If this would be possible, I just have to supply a grammar file at run
time to validate an ASCII stream -- I do not have to make a commitment
at compile time. Only commitment I make that I will supply a valid
grammar file to which the ASCII stream is validated (no nore grammar
to Java/C# codegen/compile/write code on top of generated code).

I took a look at Recursive Adaptive Grammar (which blurs the
distinction between grammar vs automation) and it may hold certian
potential towards dynamic grammar based validation.

Thanks,
Soumen Sarkar.
[Thirty years ago languages like IMP72 and EL/1 let you change the
syntax on the fly by including BNF-like stuff in the input. They
worked OK, but they didn't turn out to be useful, and they all
disappeared. The main effect was to make programs unreadable, since
no two programs used the same syntax. More generally, the set of
problems that require parsing a language where you can't specify the
grammar in advance seems to be vanishingly small other than contrived
examples. -John]

Quinn Tyler Jackson

unread,
May 16, 2003, 9:56:09 PM5/16/03
to
> Therefore, my question is if there is any thought/effort to make the
> grammar to automation (a computational service) make
> available at run
> time? I am interested in CFG based generators (current impls are
> JavaCC, ANTLR).
>
> If this would be possible, I just have to supply a grammar
> file at run
> time to validate an ASCII stream -- I do not have to make a
> commitment
> at compile time. Only commitment I make that I will supply a valid
> grammar file to which the ASCII stream is validated (no nore grammar
> to Java/C# codegen/compile/write code on top of generated code).
>
> I took a look at Recursive Adaptive Grammar (which blurs the
> distinction between grammar vs automation) and it may hold certian
> potential towards dynamic grammar based validation.

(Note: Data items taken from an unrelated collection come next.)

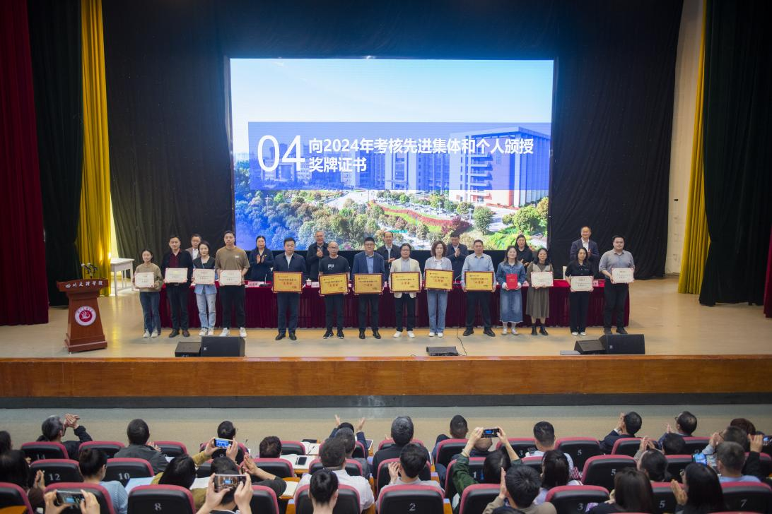 徐晓宗宣读四川文理学院2024年毕业生就业工作绩效考核结果。程碧英作题为《盘点成绩正视差距聚焦目标再创佳绩》学校“就业-招生-培养”联动工作汇报。
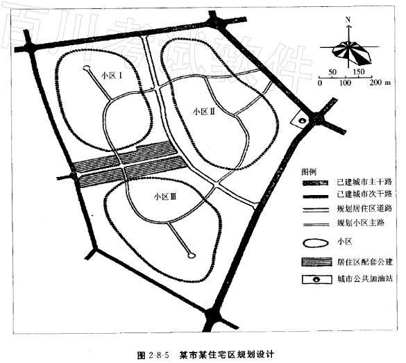 1.居住区道路和小区主路结构清晰,主要走向顺应了城市主导风向,成为居住区良好的通风走廊。 2.小区主路沟通了三个小区,联系方便。 3.Ⅱ号小区的两条主路不宜直接向城市主干路开口,且开口间距过近。 4.小区主路不宜采用尽端式道路,且长度超过规定要求。 5.城市公共加油站不宜在城市主干路及交叉口布置。
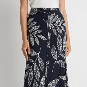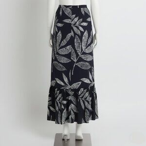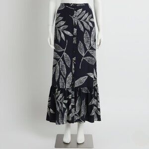 DR2 by Daniel Rainn maxi skirt, navy skirt, white leaf print, button down skirt, elastic waist skirt, boho maxi skirt, flowy skirt, summer skirt, vacation skirt, beach skirt, casual maxi skirt, Daniel Rainn skirt small, long skirt
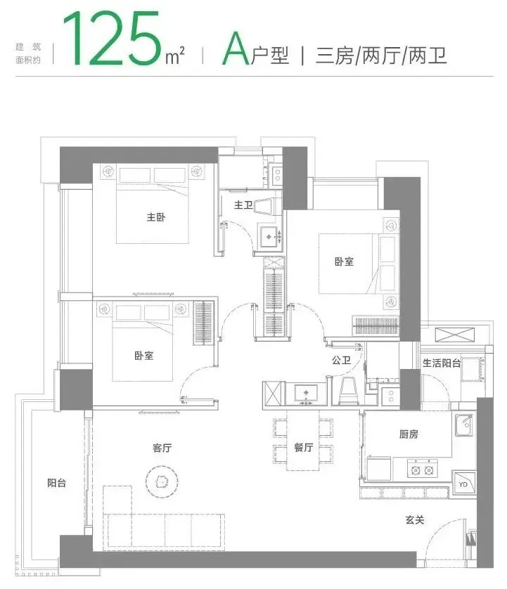 A户型 建面约125㎡三房两厅两卫
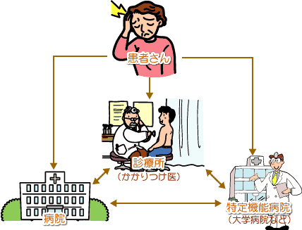 | 患者さんは病気になると診療所もしくは病院にかかります。診療所は入院設備がありませんので入院が必要な場合とか専門外で病態が重篤なため集中管理が必要な時や高額医療機器の検査が必要な時に病院に紹介されます。病院では必要な検査や診断・治療がなされ、安定期になれば退院し、また診療所で継続医療がなされます。病態が重篤な場合は引き続き病院で診ることもあります。 そしてまた発作が起きたときに病院に紹介され治療を受けます。こういった縮図の医療が円滑になされるのが、良い病診連携の関係といえます。 そのために次のような事業を行ったり、協力体制をしております。
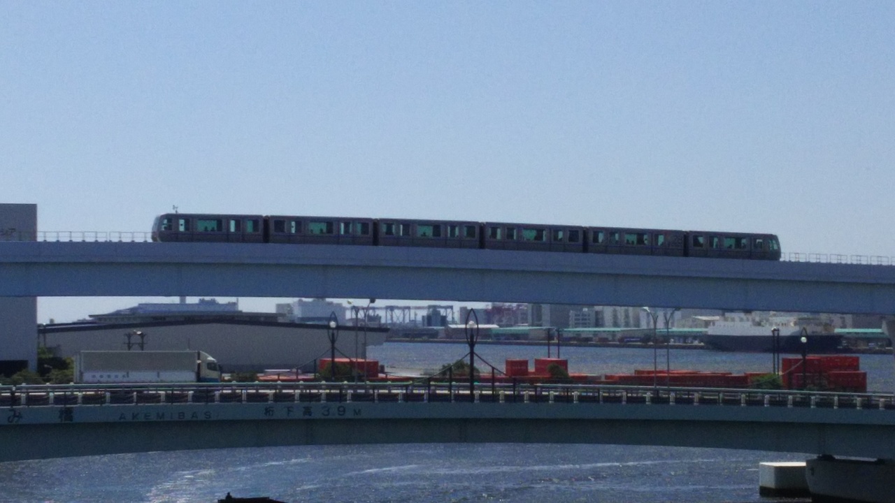 ちょうどビックサイトとヴィーナスフォートの間をつな... 続きを読むいでいる「ゆりかもめ」と 並走するかんじにかけられている 大きな橋です。
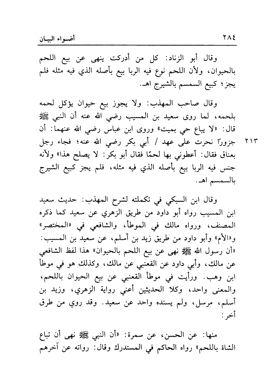 وقال ابن السبكي في تكملته لشرح المهذب: حديث سعيد ابن المسيب رواه أبو داود من طريق الزهري عن سعيد كما ذكره المصنف، ورواه مالك في الموطأ، والشافعي في "المختصر" و"الأم" وأبو داود من طريق زيد بن أسلم، عن سعيد بن المسيب: "أن رسول الله - صلى الله عليه وسلم - نهى عن بيع اللحم بالحيوان" هذا لفظ الشافعي عن مالك، وأبي داود عن القعنبي عن مالك، وكذلك هو في موطأ ابن وهب. ورأيت في موطأ القعنبي عن بيع الحيوان باللحم، والمعنى واحد، وكلا الحديثين أعني رواية الزهري، وزيد بن أسلم، مرسل، ولم يسنده واحد عن سعيد. وقد روي من طرق أخر:
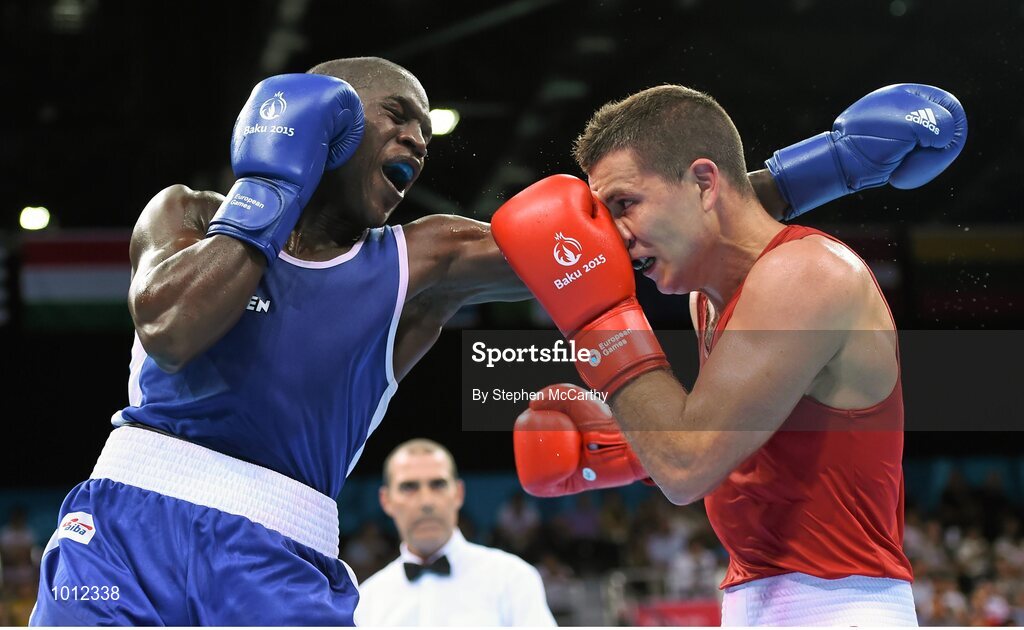 20 June 2015; Souleymane Cissokho, France, left, exchanges punches with Balazs Bacskai, Hungary, during their Men's Boxing Welter 69kg Round of 16 bout. 2015 European Games, Crystal Hall, Baku, Azerbaijan. Picture credit: Stephen McCarthy / SPORTSFILE
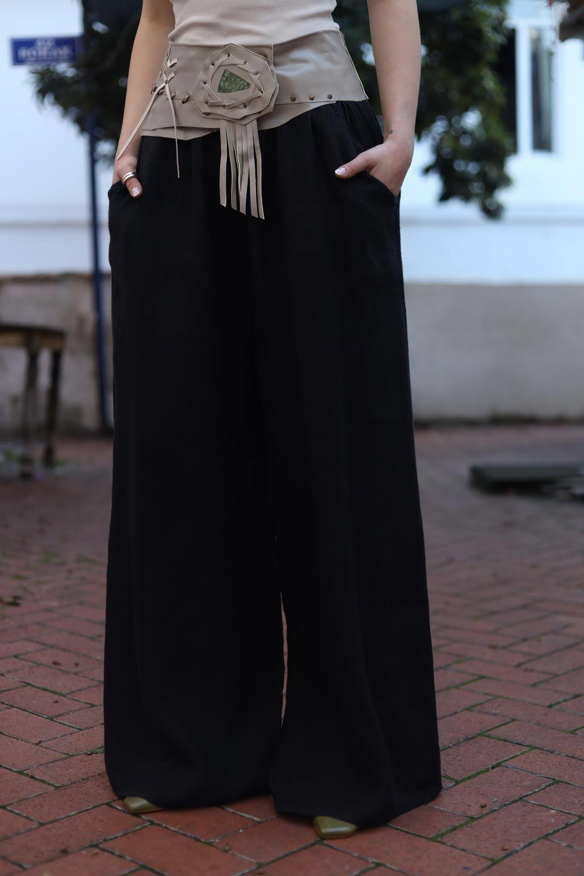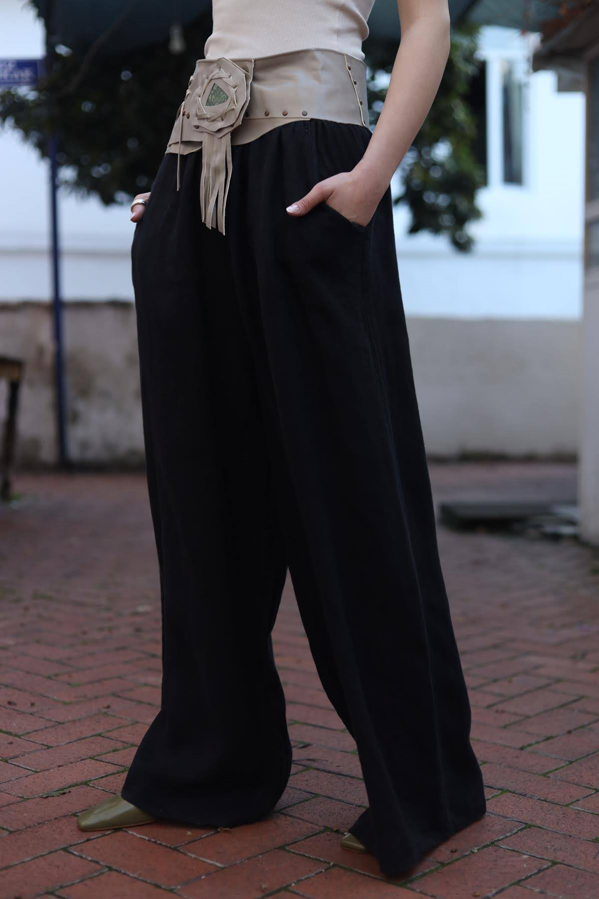 Siyah Beli Lastikli Asena Pantolon (KP-FAL-010-KTN-SI-STD)

Meta-S allows grammars to be instantiated at run-time from strings
(which could be stored in text files). The CLpmGrammar class has a
member function:

bool InstantiateFromString(const CShuString& ssGrammar, bool
bDoSemanticChecks);

So, for instance, if your grammar is saved as an .abn file, which in
flat ASCII, looks something like this:

grammar TheGrammar
{
S ::= A B C;
A ::= /* whatever */;
// etc;
};

You do something like this:

CLpmGrammar gmr;

CShuString ssGrammar = LoadFromFile("the_grammar.abn");
CShuString ssTestInput = LoadFromFile("test_input.txt");

if(gmr.InstantiateFromString(ssGrammar, false))
{
if(gmr.Accept(ssTestInput))
{
// you can now traverse the parse tree
}
else
{
// grammar did not accept input
}
}

You can effectively do the above with the ABN2CPP utility (included
with Meta-S) thusly:

abn2cpp the_grammar.abn -i test_input.txt

You can develop your grammars either in a simple text editor, in
Meta-S Lite, or in Meta-S, a graphical grammar development environment
which allows you to debug the grammar against test input.

For more information, either visit http://www.meta-s.com or email me
directly.

Cheers.
--
Quinn Tyler Jackson

Vladimir Makarov

unread,
May 18, 2003, 1:30:49 AM5/18/03
to
Soumen Sarkar wrote:
> Currently the parser generator technology allows grammar to automation
> translation in compile time only. For example if I have to validate a
> text stream that I am receiving, I can not load a grammar file
> dynamically and validate the text stream.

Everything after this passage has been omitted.